===== Task input

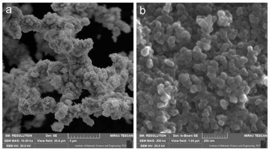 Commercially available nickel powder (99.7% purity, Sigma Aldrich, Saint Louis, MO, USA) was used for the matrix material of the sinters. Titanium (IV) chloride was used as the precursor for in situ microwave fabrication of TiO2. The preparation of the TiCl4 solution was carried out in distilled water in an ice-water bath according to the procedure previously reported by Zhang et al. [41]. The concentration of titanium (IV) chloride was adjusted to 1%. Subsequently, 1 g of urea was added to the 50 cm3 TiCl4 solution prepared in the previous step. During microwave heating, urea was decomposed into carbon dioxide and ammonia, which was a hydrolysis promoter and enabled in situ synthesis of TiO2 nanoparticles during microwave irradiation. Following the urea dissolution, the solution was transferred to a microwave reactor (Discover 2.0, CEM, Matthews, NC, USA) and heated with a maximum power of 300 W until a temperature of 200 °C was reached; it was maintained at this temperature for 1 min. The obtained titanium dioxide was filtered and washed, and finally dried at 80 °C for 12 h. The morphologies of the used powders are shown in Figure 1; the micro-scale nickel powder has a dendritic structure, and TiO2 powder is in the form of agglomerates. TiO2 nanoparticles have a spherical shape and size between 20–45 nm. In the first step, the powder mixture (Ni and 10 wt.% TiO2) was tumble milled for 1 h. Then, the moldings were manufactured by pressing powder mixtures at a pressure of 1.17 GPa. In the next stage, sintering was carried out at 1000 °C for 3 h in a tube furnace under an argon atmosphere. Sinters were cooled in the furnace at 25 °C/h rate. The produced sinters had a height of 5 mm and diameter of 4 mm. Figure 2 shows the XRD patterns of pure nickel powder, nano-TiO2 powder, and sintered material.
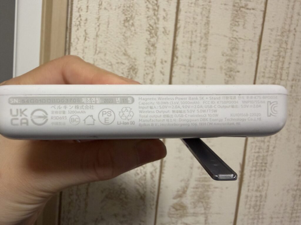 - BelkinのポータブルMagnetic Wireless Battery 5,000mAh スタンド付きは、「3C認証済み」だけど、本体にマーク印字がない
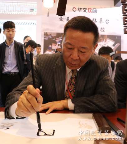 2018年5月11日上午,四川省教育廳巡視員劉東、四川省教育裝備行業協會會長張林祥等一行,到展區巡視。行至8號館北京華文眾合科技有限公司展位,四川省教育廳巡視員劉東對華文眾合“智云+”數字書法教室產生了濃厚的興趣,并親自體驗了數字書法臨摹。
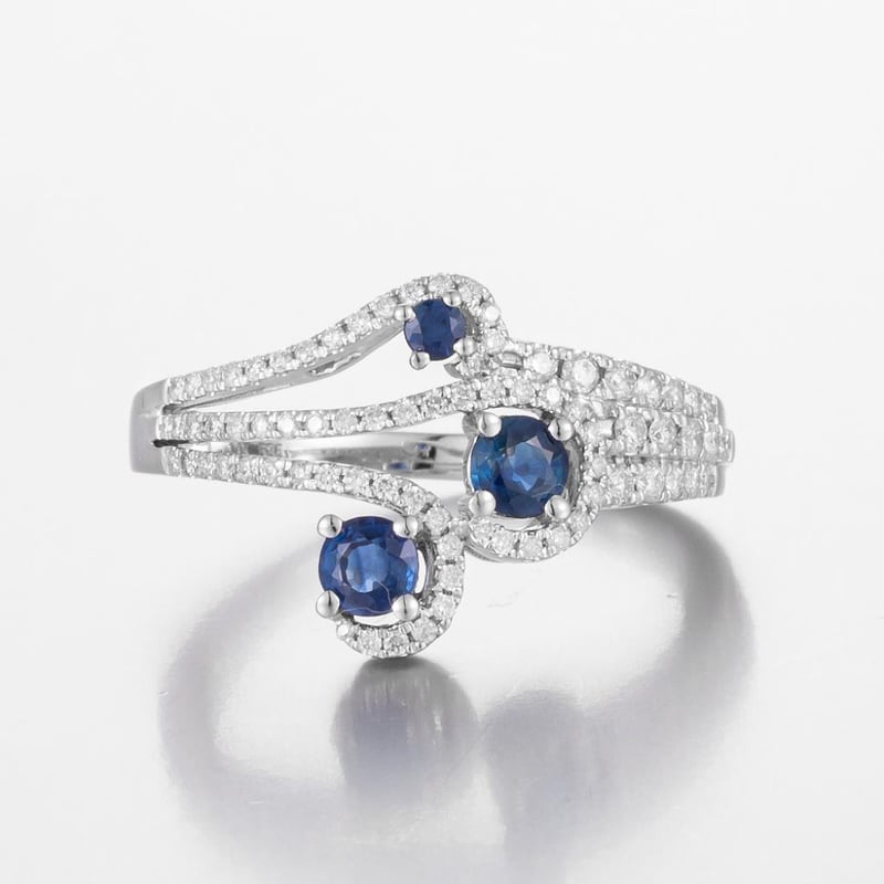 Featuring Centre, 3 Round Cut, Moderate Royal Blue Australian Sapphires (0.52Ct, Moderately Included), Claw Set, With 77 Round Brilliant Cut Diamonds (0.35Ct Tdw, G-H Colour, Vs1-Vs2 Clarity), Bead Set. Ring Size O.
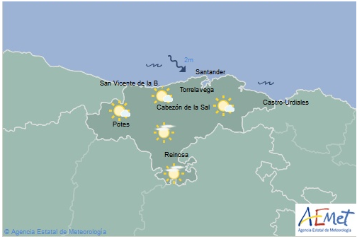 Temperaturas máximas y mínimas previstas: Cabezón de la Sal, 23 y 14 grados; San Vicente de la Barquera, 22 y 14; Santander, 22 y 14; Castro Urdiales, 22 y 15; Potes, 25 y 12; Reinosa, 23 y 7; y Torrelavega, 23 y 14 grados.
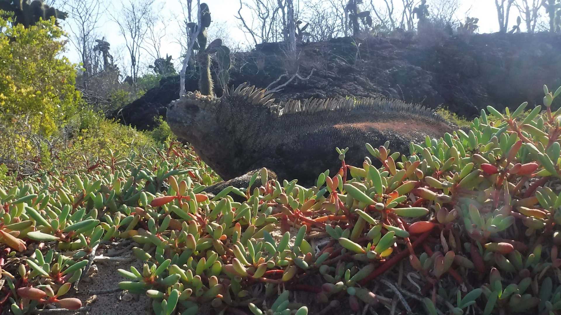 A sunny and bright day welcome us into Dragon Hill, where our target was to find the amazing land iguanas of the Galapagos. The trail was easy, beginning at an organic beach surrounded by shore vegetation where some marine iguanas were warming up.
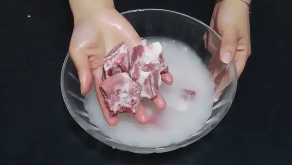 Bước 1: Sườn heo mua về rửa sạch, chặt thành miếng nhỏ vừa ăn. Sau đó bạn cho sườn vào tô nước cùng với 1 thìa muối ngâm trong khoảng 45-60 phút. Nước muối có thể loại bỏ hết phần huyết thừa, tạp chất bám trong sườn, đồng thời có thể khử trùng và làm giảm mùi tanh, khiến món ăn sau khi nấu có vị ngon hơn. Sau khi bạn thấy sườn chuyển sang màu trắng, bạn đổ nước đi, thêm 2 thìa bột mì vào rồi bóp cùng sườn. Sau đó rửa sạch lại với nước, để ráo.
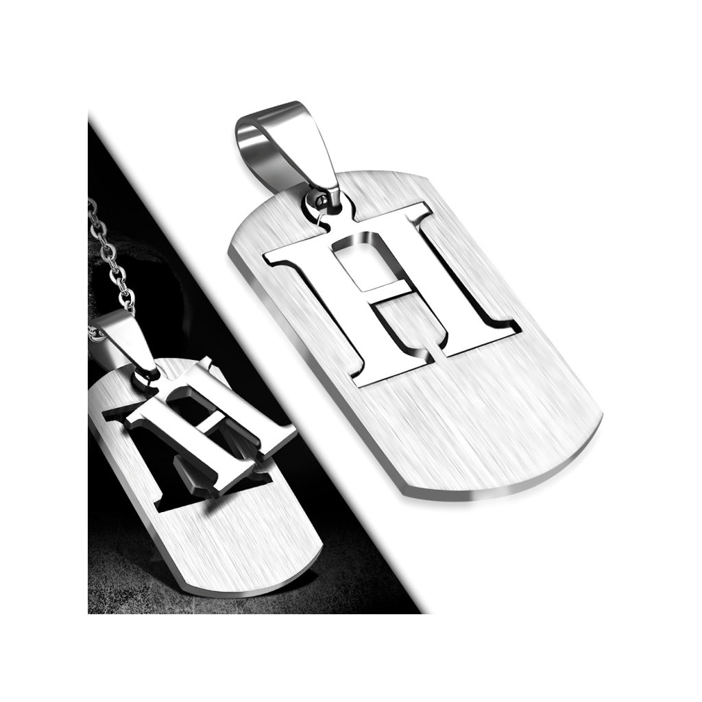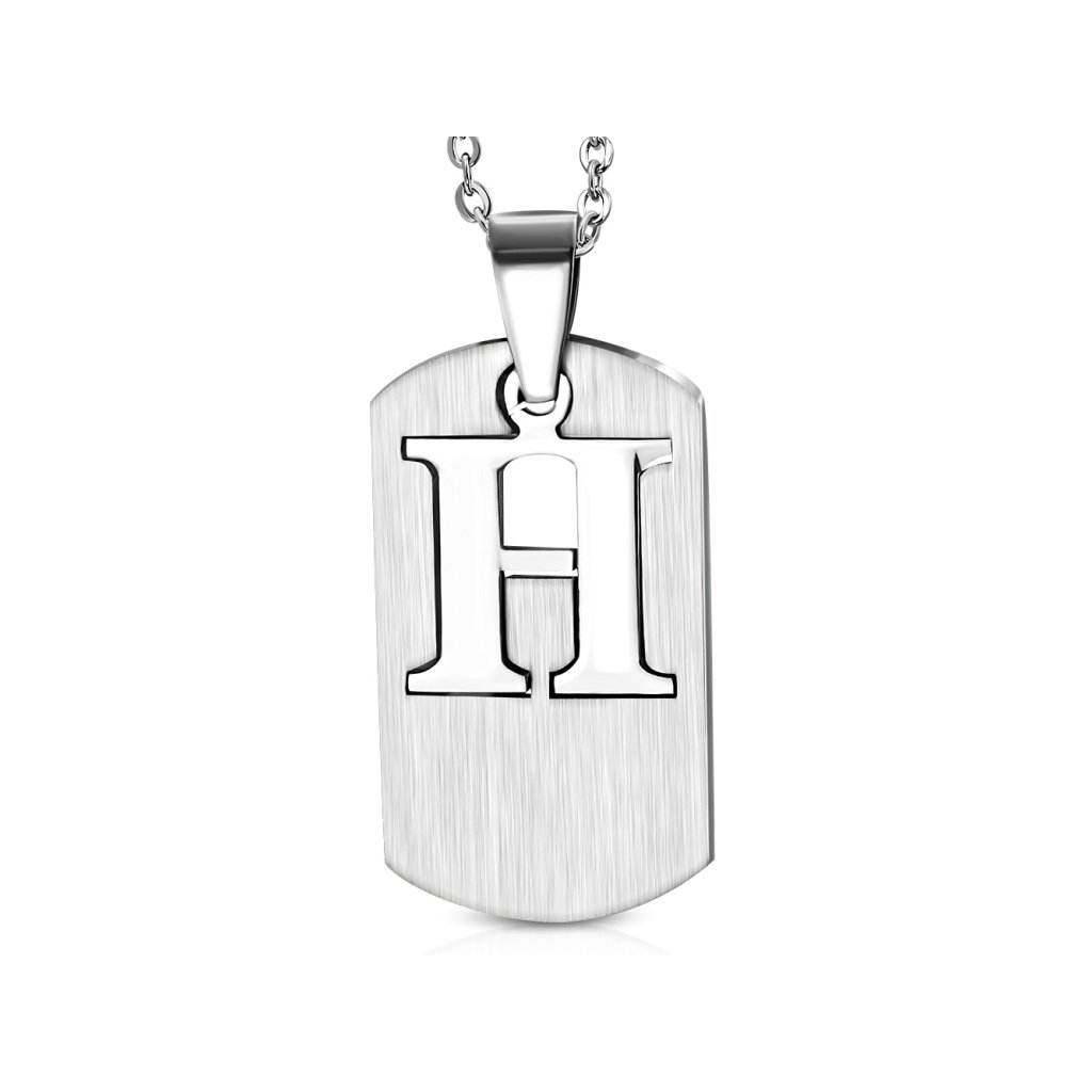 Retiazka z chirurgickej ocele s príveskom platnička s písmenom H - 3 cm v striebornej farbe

==========
===== Task input

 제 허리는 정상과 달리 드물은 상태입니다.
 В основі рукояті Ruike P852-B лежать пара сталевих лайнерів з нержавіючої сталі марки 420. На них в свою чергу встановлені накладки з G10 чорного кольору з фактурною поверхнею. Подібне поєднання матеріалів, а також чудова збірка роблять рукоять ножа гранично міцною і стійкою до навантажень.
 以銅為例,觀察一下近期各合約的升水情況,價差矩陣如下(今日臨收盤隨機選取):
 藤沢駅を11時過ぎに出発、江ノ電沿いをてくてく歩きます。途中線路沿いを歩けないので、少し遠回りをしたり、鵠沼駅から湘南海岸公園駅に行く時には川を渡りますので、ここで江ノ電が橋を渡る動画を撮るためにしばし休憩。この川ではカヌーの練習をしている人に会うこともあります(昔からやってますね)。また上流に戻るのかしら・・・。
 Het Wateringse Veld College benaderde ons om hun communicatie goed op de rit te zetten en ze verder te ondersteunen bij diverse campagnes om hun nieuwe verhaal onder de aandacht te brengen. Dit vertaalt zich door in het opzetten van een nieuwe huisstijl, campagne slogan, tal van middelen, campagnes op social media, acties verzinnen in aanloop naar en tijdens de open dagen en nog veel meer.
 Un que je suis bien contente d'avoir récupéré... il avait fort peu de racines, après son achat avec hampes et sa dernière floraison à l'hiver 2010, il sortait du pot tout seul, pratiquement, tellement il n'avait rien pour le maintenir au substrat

==========
===== Task input

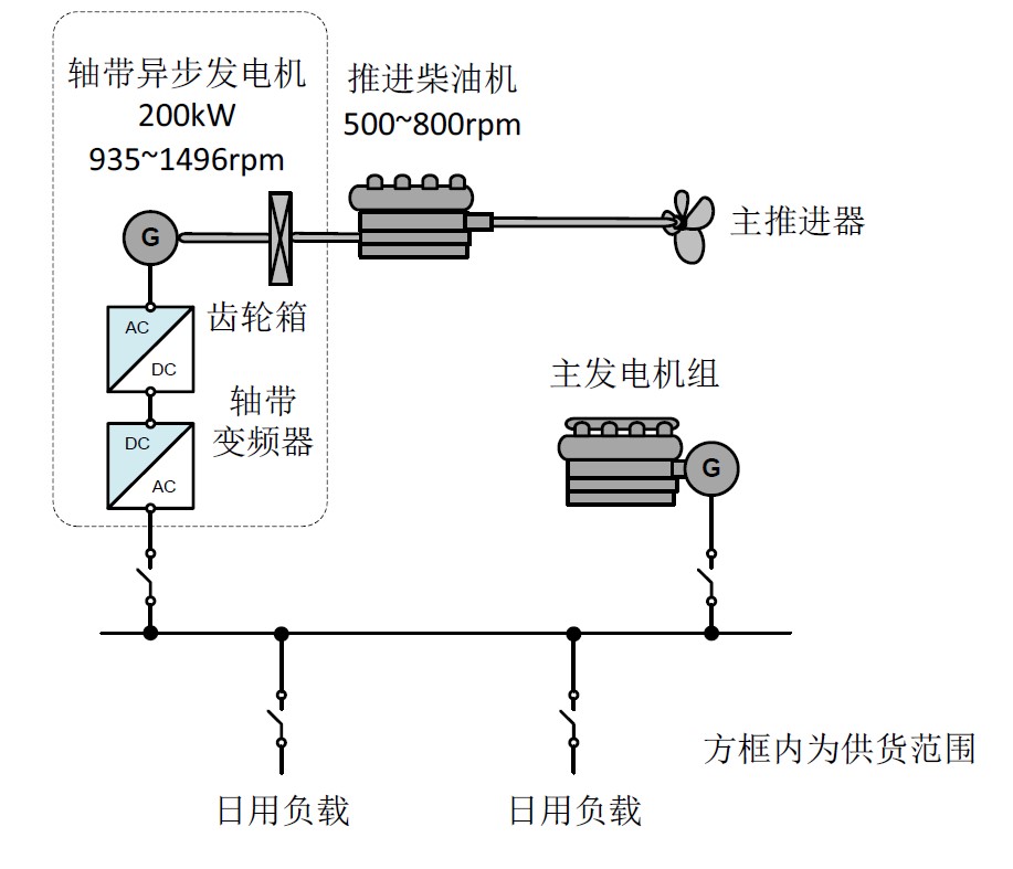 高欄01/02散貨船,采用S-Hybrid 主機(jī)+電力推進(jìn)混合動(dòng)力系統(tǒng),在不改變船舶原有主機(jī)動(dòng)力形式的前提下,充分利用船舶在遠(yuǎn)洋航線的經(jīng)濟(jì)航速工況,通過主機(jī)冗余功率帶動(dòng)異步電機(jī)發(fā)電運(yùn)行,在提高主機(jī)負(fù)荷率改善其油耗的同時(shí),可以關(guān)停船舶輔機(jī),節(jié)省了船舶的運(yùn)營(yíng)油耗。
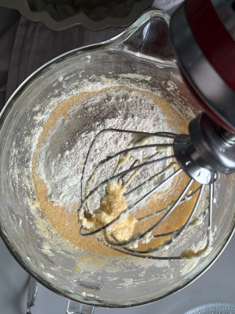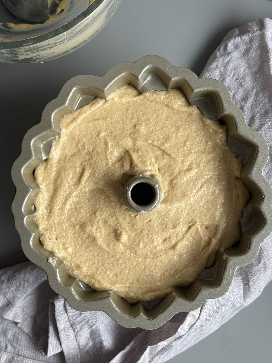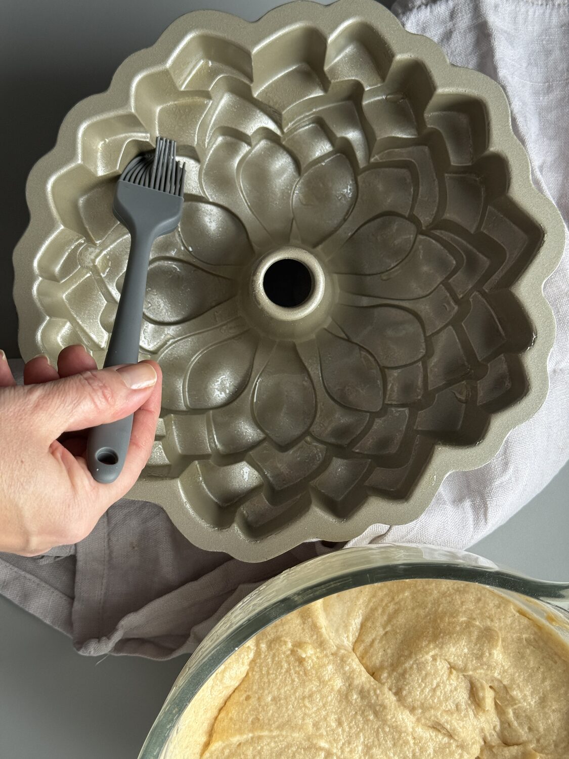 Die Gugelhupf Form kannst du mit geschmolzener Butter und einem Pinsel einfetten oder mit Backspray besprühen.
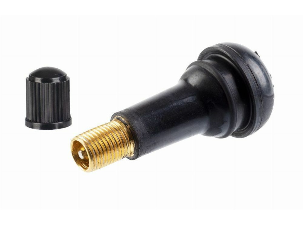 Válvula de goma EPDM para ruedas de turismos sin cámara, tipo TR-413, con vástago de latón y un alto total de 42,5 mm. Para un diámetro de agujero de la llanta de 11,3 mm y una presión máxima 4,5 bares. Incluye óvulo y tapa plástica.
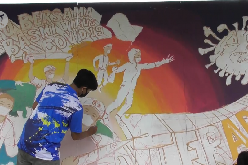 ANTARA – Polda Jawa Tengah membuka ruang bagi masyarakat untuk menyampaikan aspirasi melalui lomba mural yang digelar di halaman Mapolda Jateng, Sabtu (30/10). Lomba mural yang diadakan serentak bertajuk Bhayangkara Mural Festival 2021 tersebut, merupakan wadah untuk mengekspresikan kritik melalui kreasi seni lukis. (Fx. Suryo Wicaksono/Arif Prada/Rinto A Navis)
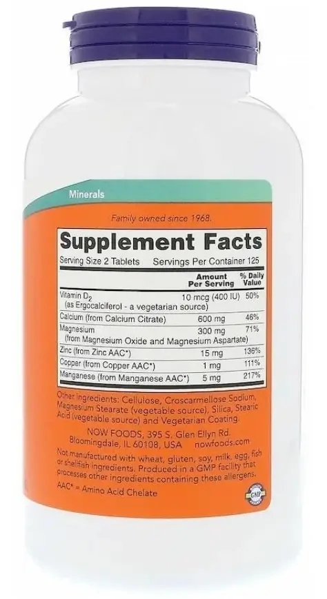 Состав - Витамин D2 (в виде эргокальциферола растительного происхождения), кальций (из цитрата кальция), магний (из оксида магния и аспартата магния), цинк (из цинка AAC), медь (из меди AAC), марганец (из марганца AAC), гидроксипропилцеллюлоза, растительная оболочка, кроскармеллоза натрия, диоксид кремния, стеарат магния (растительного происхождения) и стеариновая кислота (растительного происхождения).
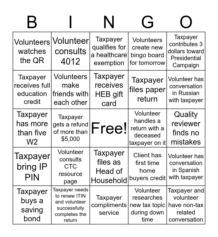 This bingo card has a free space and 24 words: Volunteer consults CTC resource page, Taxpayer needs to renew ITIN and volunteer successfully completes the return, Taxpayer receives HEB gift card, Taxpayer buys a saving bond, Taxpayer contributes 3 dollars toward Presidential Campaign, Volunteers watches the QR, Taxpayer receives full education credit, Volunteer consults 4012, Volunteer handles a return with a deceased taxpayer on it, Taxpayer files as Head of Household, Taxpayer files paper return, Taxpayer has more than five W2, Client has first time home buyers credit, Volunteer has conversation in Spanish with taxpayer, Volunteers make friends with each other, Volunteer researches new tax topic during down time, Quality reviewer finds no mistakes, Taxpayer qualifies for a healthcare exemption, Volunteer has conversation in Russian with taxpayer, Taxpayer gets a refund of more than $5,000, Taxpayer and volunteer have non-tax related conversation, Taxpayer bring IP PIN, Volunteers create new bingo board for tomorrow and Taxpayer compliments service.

==========

#### What needs to be done
Starting at the line above that contains "Het Wateringse Veld", repeat each line exactly up to and including the line that contains "Un que je suis", and stop there.

#### Result for this task
 Het Wateringse Veld College benaderde ons om hun communicatie goed op de rit te zetten en ze verder te ondersteunen bij diverse campagnes om hun nieuwe verhaal onder de aandacht te brengen. Dit vertaalt zich door in het opzetten van een nieuwe huisstijl, campagne slogan, tal van middelen, campagnes op social media, acties verzinnen in aanloop naar en tijdens de open dagen en nog veel meer.
 Un que je suis bien contente d'avoir récupéré... il avait fort peu de racines, après son achat avec hampes et sa dernière floraison à l'hiver 2010, il sortait du pot tout seul, pratiquement, tellement il n'avait rien pour le maintenir au substrat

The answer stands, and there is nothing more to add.